Paradigms and Negotiations
Professor Agha’s interview may have opened up a discussion that can lead to a deeper understanding of the conflict. Recognising that the paradigms governing the thinking of people on all sides are disintegrating, because the anomalies are just too significant, may now be vital if we are to develop a dialogue that can break out of the frozen thinking on the peace process that Professor Agha abhors.
That it is possible to identify anomalies and seek explanations is demonstrated by Agha’s interview. A supporter of Fatah for decades, and an interlocutor with the Israeli Peace camp, Agha is willing to entertain the notion that there may be potential for peacemaking among the Israeli Right and Hamas. Whether this is a correct assessment is not as important as the fact that Agha is daring to respond to the growing obsolescence of the paradigms on which the sides based the Oslo process. He appears to recognise that it is time to replace or drastically revise those paradigms before we try to make our way again toward peace through negotiations.
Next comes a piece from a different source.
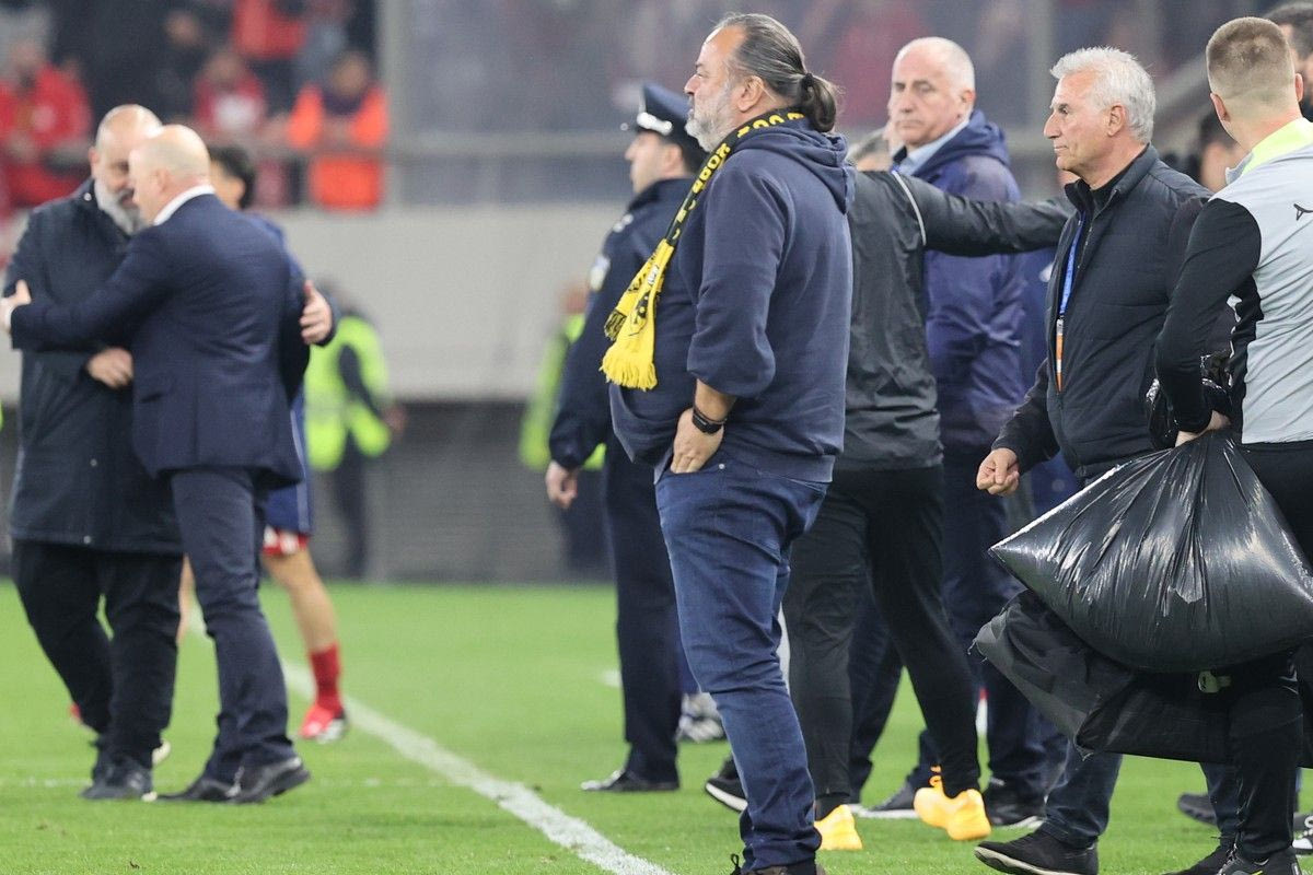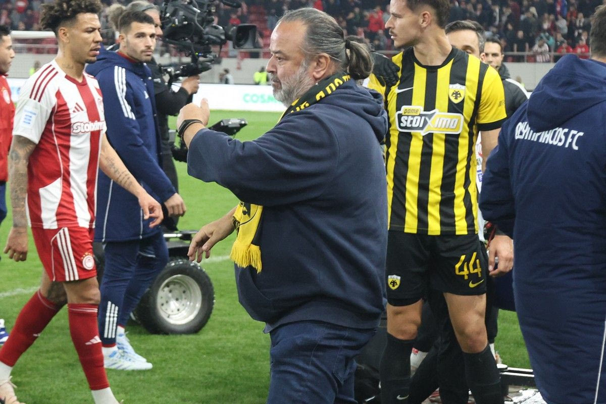 Μετά τη λήξη του αγώνα Ολυμπιακός – ΑΕΚ, ο Μάριος Ηλιόπουλος μπήκε στον αγωνιστικό χώρο του Καραϊσκάκης για να χαρεί τη νίκη και κυρίως να συγχαρεί τον Μάρκο Νίκολιτς και τους παίκτες του.

For example, internalising the ‘hegemonic majority paradigm’ draws the broader Sunni Muslim Arab world into the conversation. It suggests that the Sunni Muslim Arab majority can move peace forward if it takes responsibility for the costs of its dysfunctions. It places the history of the Afro-Asian-origin segment of the Israeli population in a position to impact the peace process in positive ways. Today, higher numbers of Israelis see the world through the lens of the experience of their parents, and grandparents, as Jews in the vast Muslim regions.
Is there a meeting point, here? Professor Agha identified the rights of Palestinian refugees and their descendants as the core of the conflict, based on the ‘anti-colonialist paradigm’. In parallel, the revised Israeli paradigm suggests that recognition of the subjugation and the ethnic cleansing of Jews from Sunni Muslim Arab civilisation is also fundamental to any workable peace in the context of the broad region where Sunni Muslim Arabs are hegemonic. In this view, Palestinians, whose political behaviour toward minorities has not been significantly different from that of their Sunni Muslim Arab colleagues, are a component of that broader civilisation that oppressed Jews when Jews lived among them and continues to seek to deny Jews self-determination after the Jews have rebuilt their lives in their nation-state.
It may seem counter-intuitive to suggest that a renewed peace process can take place in the era of Prime Minister Benjamin Netanyahu‘s right-wing coalition, fanatical Hamas rule, and ineffective Palestinian Authority leadership. However, if Prof. Agha’s words show the potential to move our understandings of the conflict beyond both ‘the anti-colonialist paradigm,’ and the ‘classic Zionist paradigm,’ perhaps we can express a smidgen of optimism.